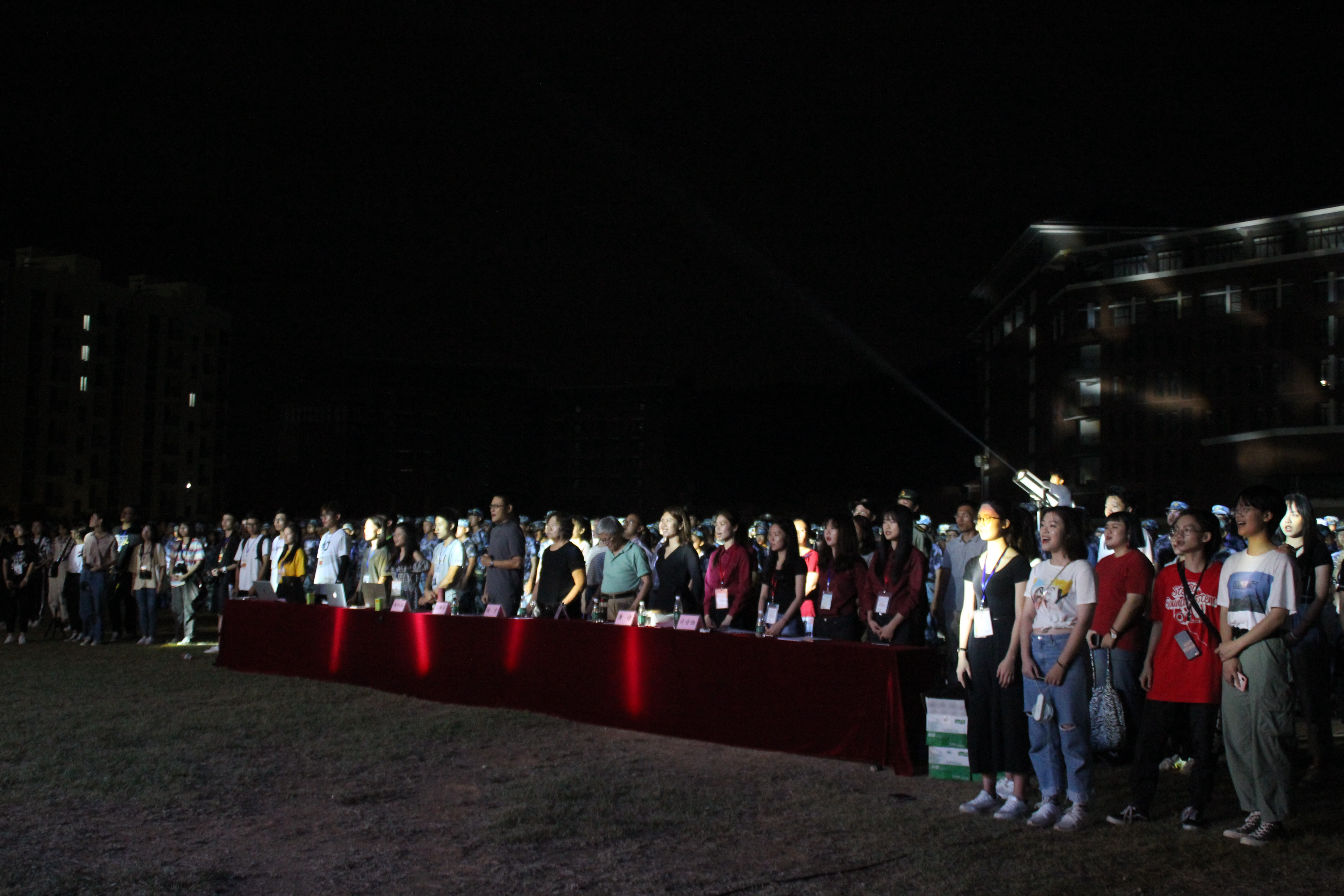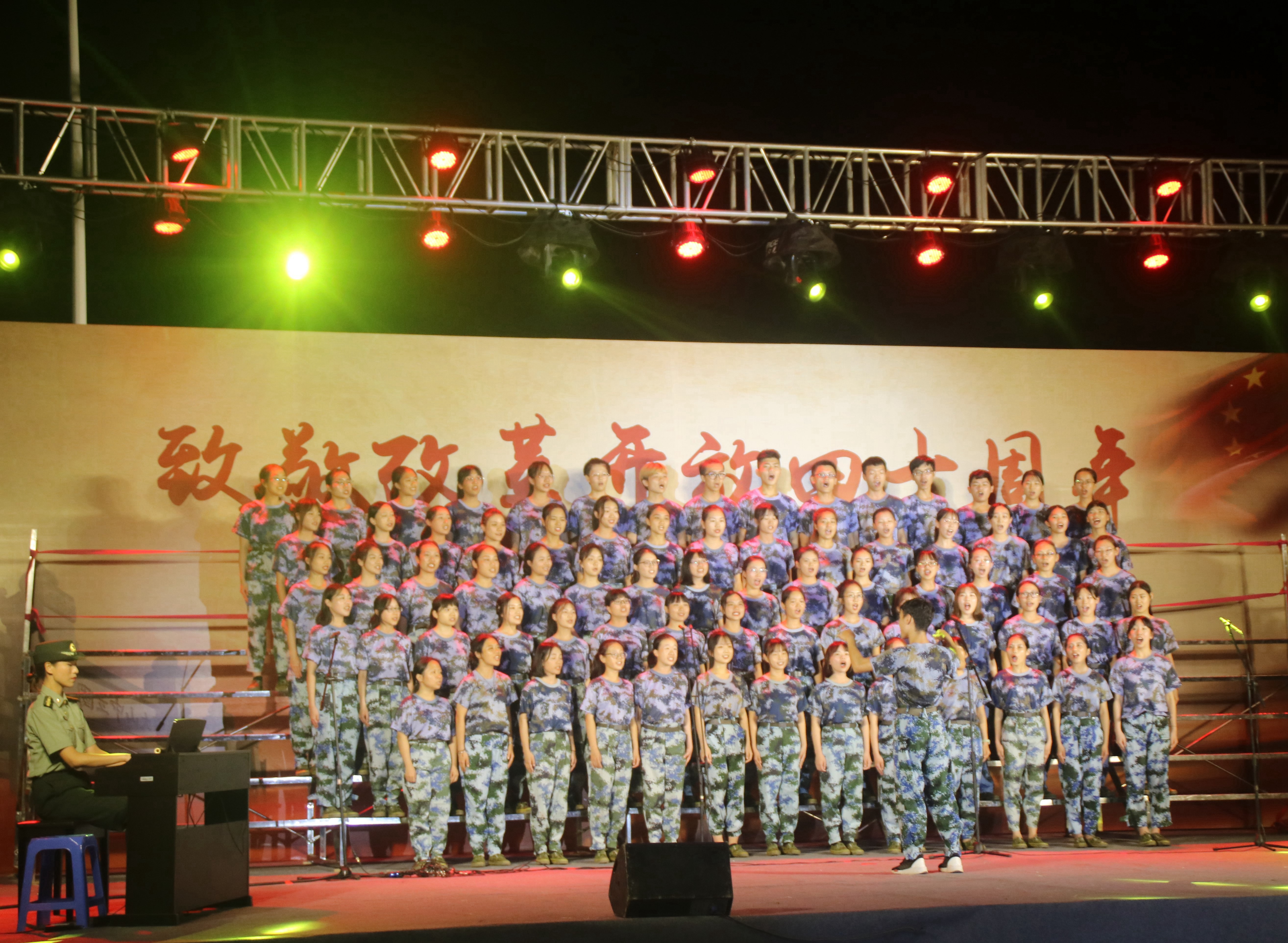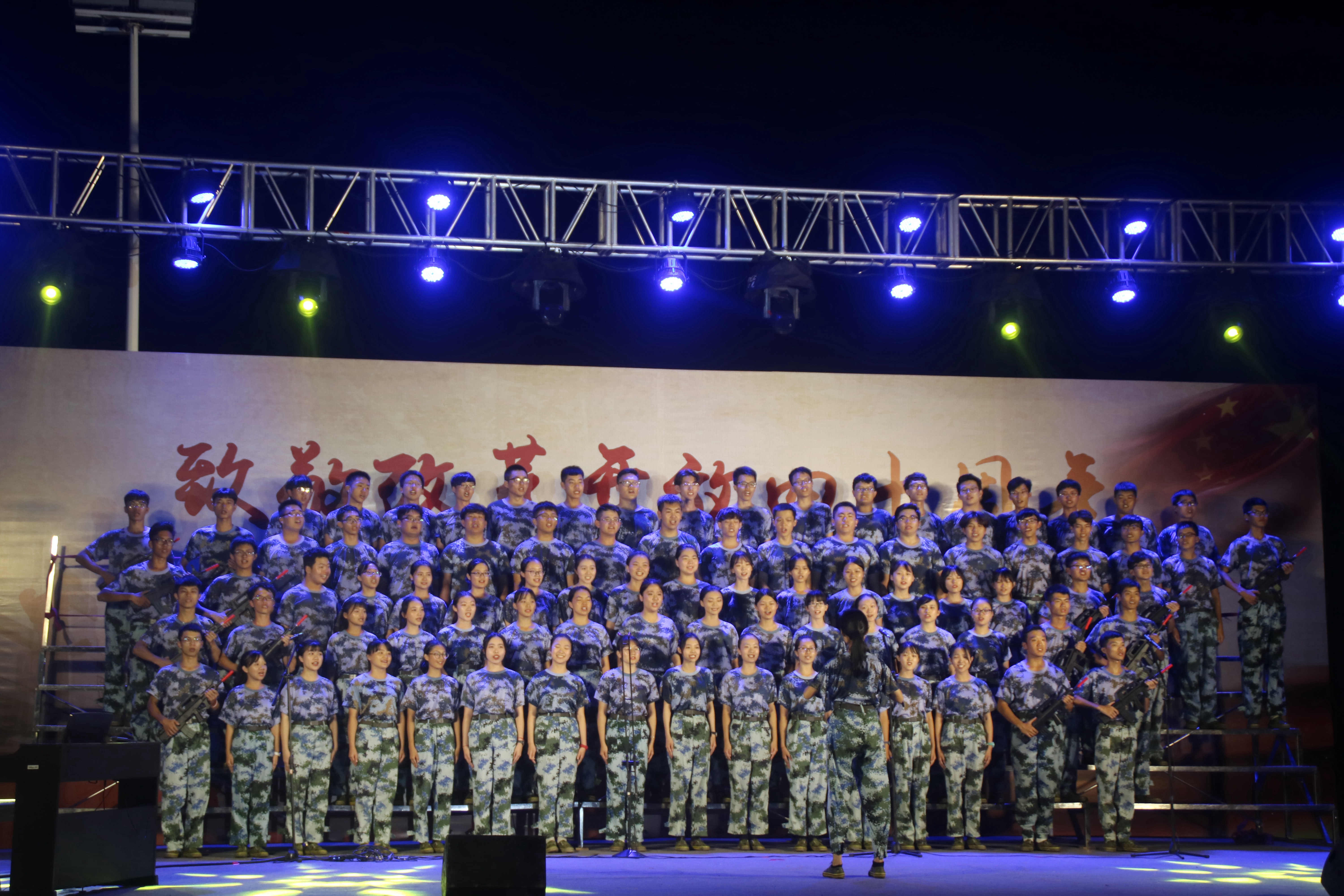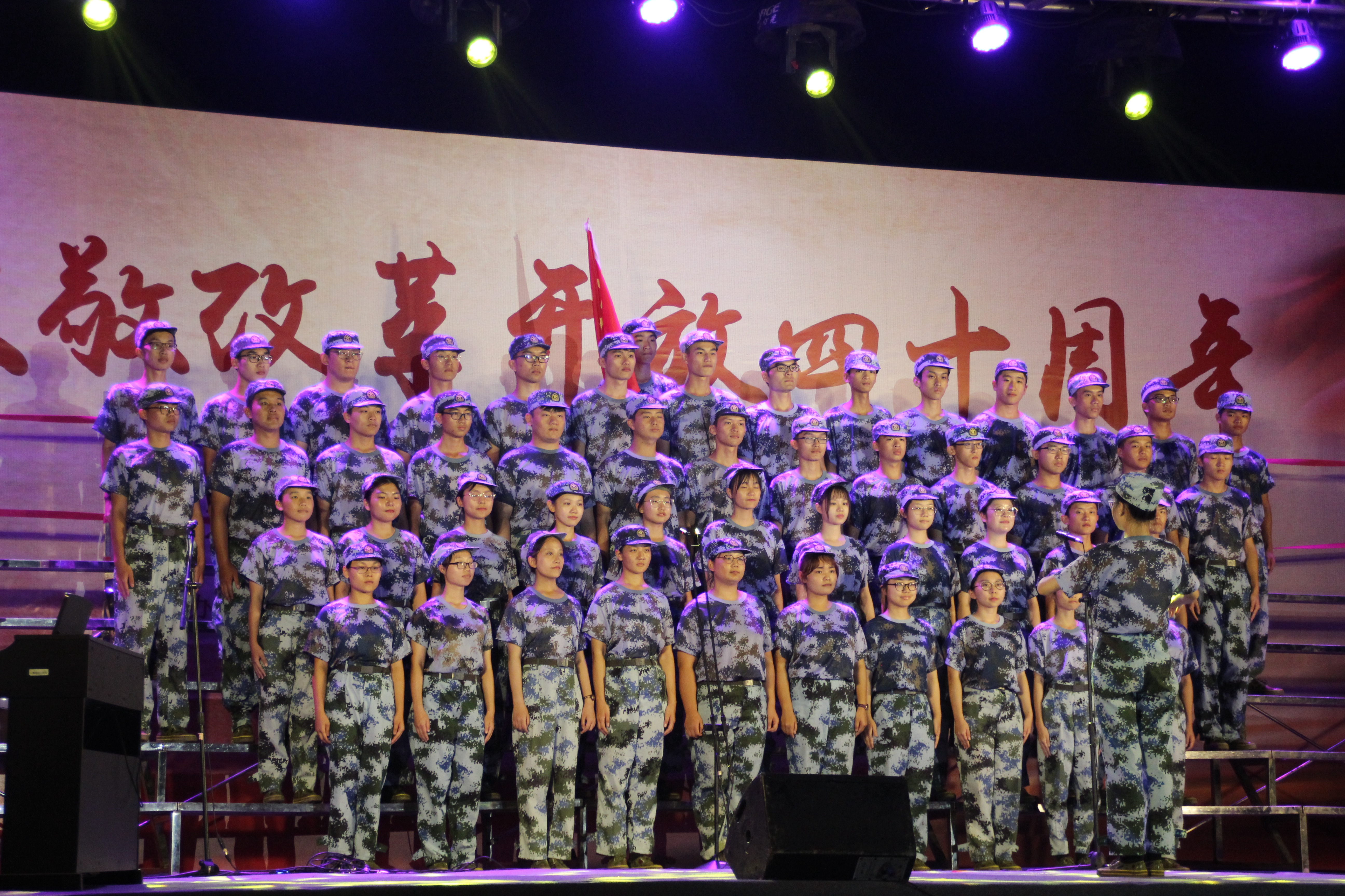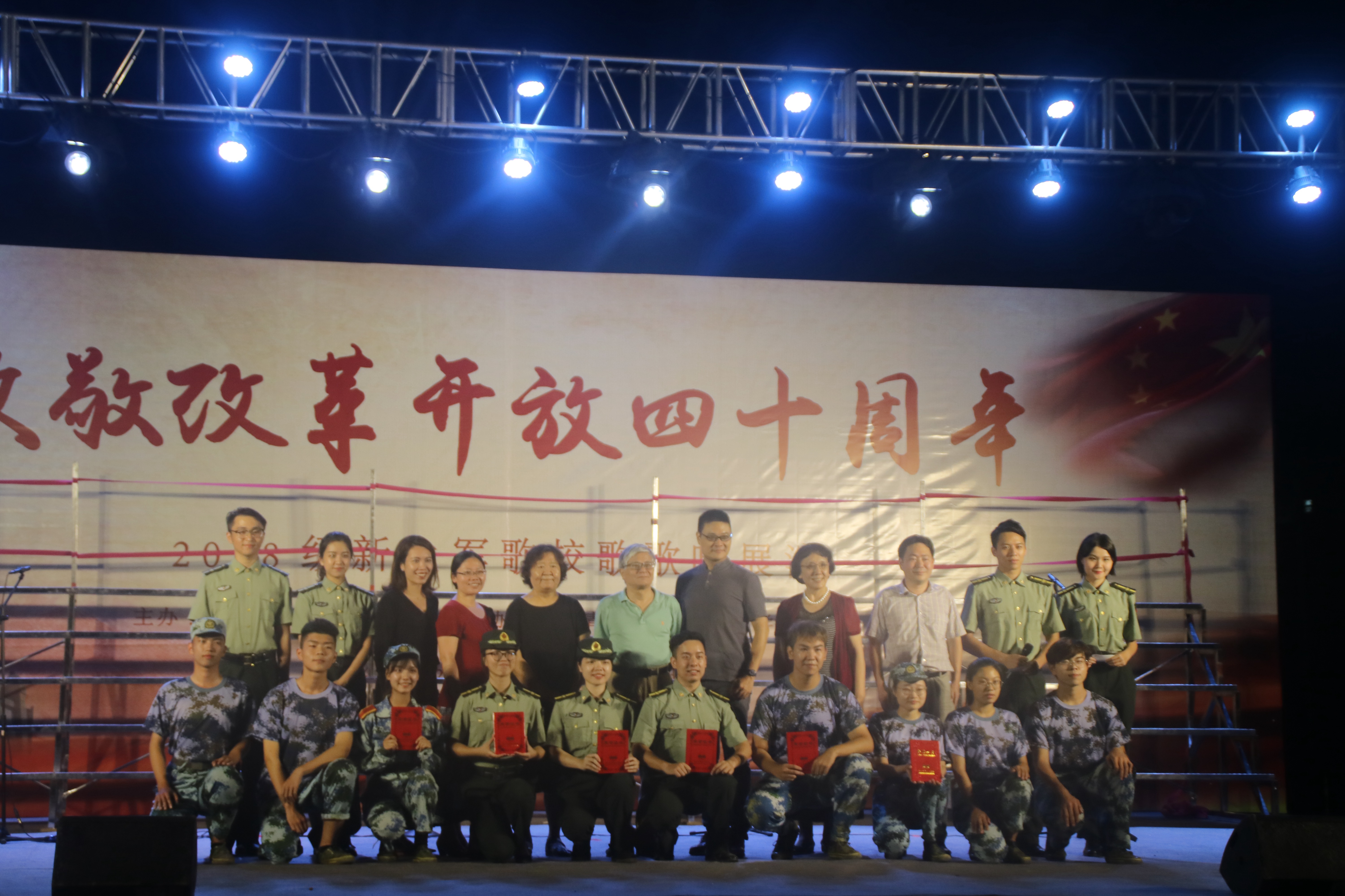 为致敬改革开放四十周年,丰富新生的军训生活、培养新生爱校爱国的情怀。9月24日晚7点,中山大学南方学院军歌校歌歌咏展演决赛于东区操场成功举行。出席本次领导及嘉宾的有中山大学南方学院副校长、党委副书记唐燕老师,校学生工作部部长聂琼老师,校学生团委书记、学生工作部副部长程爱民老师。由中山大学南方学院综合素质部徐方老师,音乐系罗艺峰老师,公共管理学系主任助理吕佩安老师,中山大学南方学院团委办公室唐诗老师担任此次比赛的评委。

==

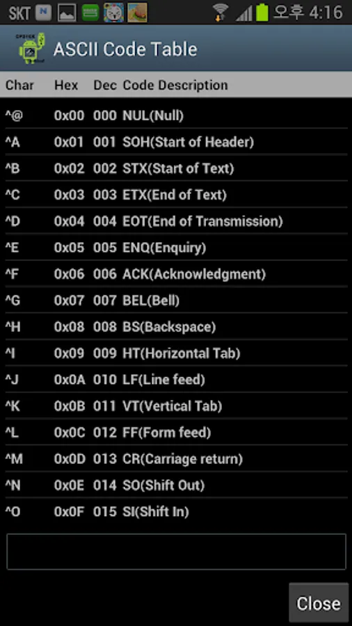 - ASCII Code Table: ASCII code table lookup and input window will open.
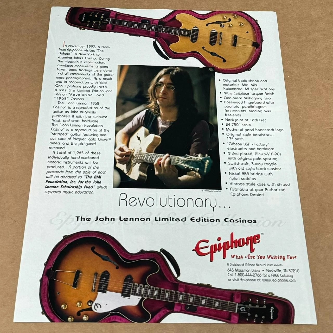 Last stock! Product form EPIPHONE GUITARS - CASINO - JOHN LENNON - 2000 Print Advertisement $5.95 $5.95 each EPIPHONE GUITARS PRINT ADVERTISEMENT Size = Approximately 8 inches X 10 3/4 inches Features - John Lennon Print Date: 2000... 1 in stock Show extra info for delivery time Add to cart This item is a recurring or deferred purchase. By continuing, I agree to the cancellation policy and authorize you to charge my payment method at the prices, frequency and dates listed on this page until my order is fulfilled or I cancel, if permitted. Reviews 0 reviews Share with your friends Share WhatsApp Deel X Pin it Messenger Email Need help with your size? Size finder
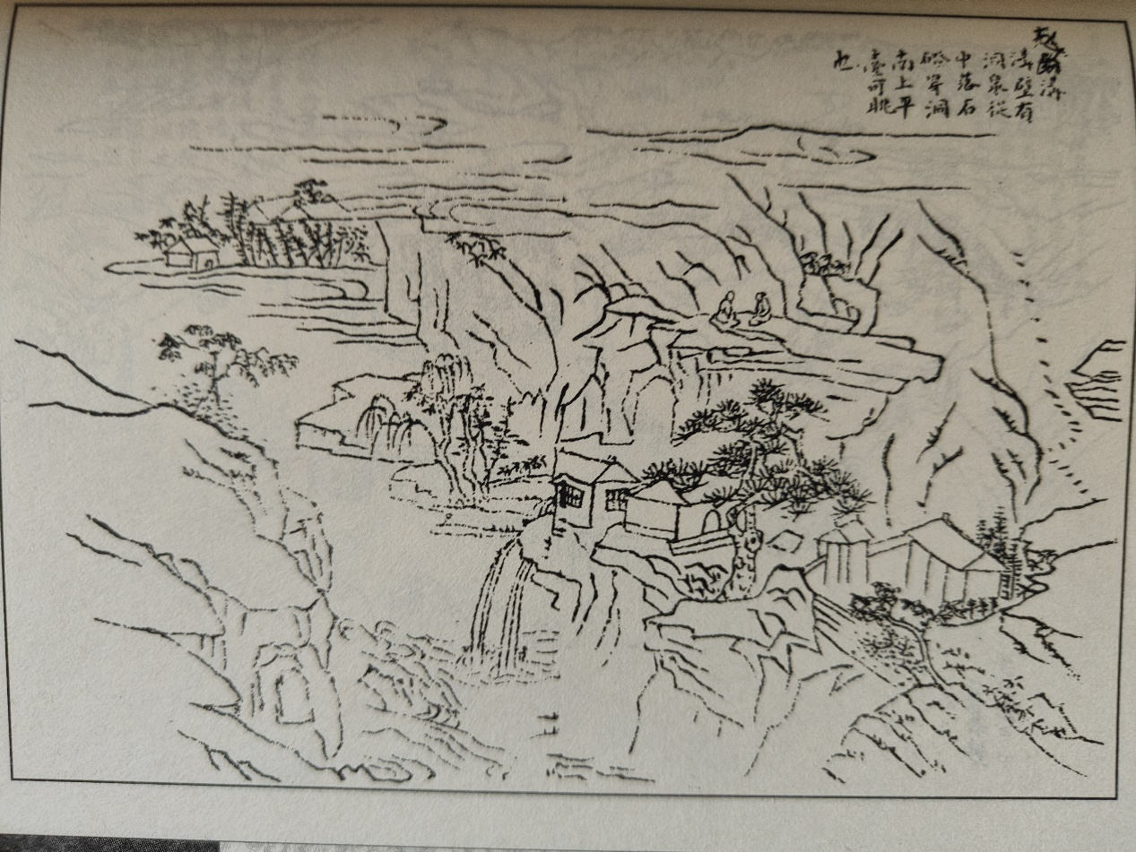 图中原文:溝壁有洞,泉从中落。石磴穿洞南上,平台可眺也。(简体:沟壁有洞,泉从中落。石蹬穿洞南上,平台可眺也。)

- [WORK INSTRUCTION] Leave the pictures out, and transcribe exactly the lines above starting at the one that contains "- ASCII Code" and ending at the one that contains "图中原文:溝壁有洞,泉从中落".

- [ANSWER TO THE EXERCISE]
 - ASCII Code Table: ASCII code table lookup and input window will open.
 Last stock! Product form EPIPHONE GUITARS - CASINO - JOHN LENNON - 2000 Print Advertisement $5.95 $5.95 each EPIPHONE GUITARS PRINT ADVERTISEMENT Size = Approximately 8 inches X 10 3/4 inches Features - John Lennon Print Date: 2000... 1 in stock Show extra info for delivery time Add to cart This item is a recurring or deferred purchase. By continuing, I agree to the cancellation policy and authorize you to charge my payment method at the prices, frequency and dates listed on this page until my order is fulfilled or I cancel, if permitted. Reviews 0 reviews Share with your friends Share WhatsApp Deel X Pin it Messenger Email Need help with your size? Size finder
 图中原文:溝壁有洞,泉从中落。石磴穿洞南上,平台可眺也。(简体:沟壁有洞,泉从中落。石蹬穿洞南上,平台可眺也。)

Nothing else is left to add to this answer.